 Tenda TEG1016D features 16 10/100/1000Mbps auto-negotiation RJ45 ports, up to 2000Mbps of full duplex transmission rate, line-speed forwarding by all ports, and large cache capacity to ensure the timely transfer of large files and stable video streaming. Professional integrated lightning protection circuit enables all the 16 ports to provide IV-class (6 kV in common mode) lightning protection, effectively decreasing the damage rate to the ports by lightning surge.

== == ==

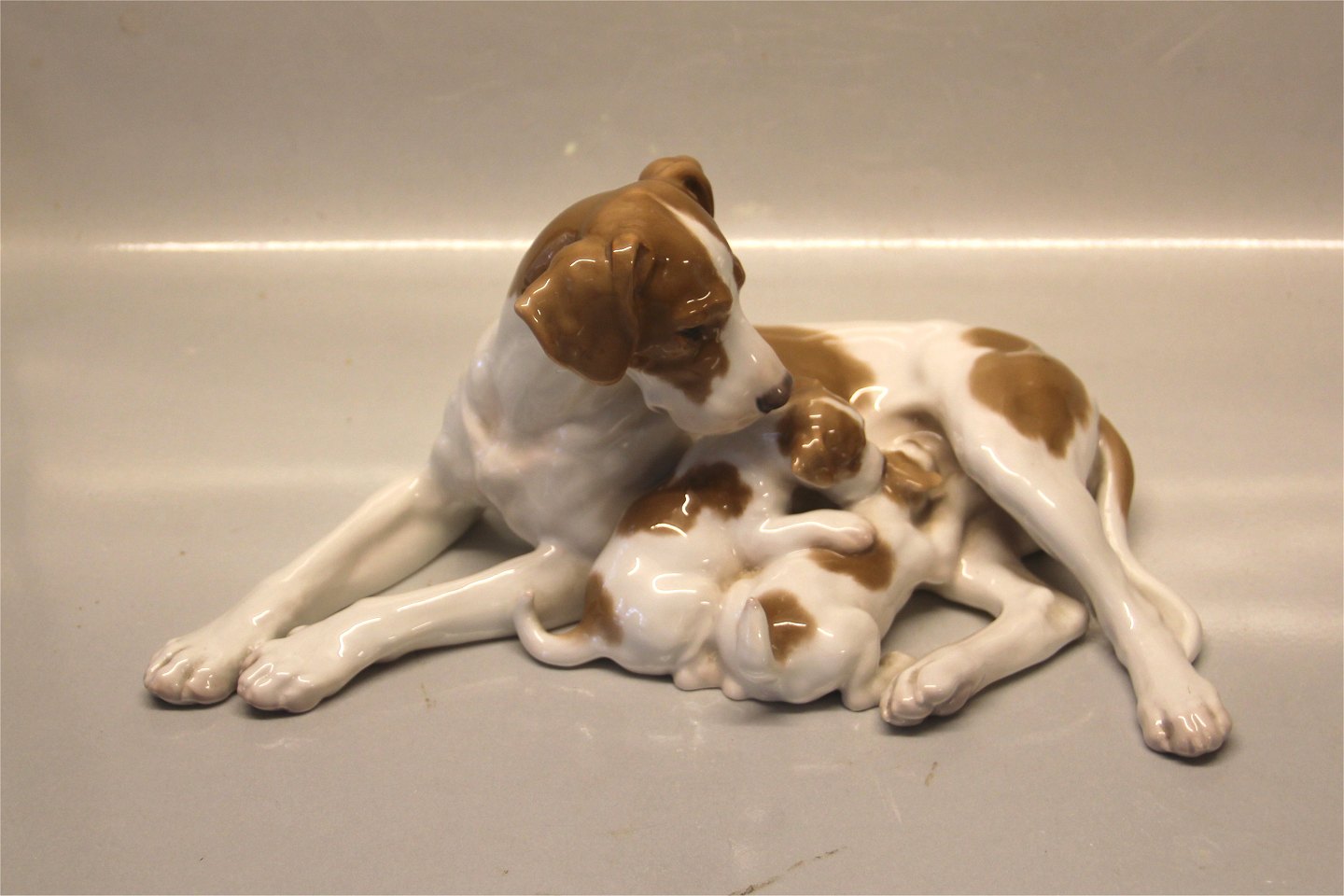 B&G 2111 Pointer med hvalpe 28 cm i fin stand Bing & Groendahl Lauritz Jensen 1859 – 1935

== == ==

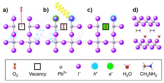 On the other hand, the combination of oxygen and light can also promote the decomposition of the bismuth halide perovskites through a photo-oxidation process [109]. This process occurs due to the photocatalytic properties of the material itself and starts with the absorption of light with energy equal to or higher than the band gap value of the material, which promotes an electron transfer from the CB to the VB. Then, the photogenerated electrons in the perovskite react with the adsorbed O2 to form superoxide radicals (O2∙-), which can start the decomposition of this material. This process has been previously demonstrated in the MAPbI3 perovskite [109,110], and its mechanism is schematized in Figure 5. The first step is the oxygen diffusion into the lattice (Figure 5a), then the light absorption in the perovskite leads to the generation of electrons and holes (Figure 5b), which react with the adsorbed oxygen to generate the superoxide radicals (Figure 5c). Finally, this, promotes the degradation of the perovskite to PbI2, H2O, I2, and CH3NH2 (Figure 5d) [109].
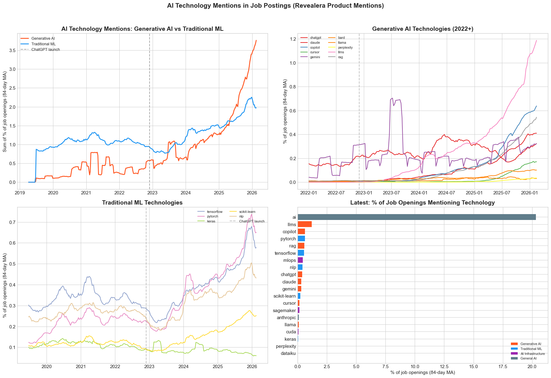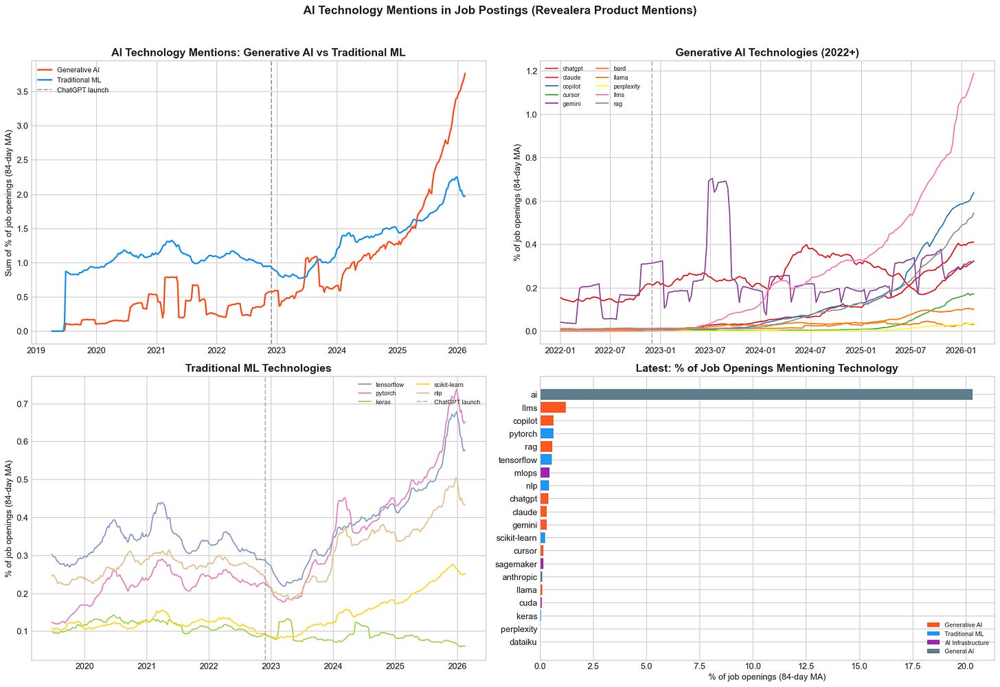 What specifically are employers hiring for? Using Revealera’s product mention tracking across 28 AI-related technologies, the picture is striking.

== == ==

▸ **Assignment**:
Each line above that falls between the line with "On the other" and the line with "What specifically are" should be printed exactly, together with those two lines, but the pictures should not.

▸ **Task result**:
 On the other hand, the combination of oxygen and light can also promote the decomposition of the bismuth halide perovskites through a photo-oxidation process [109]. This process occurs due to the photocatalytic properties of the material itself and starts with the absorption of light with energy equal to or higher than the band gap value of the material, which promotes an electron transfer from the CB to the VB. Then, the photogenerated electrons in the perovskite react with the adsorbed O2 to form superoxide radicals (O2∙-), which can start the decomposition of this material. This process has been previously demonstrated in the MAPbI3 perovskite [109,110], and its mechanism is schematized in Figure 5. The first step is the oxygen diffusion into the lattice (Figure 5a), then the light absorption in the perovskite leads to the generation of electrons and holes (Figure 5b), which react with the adsorbed oxygen to generate the superoxide radicals (Figure 5c). Finally, this, promotes the degradation of the perovskite to PbI2, H2O, I2, and CH3NH2 (Figure 5d) [109].
 What specifically are employers hiring for? Using Revealera’s product mention tracking across 28 AI-related technologies, the picture is striking.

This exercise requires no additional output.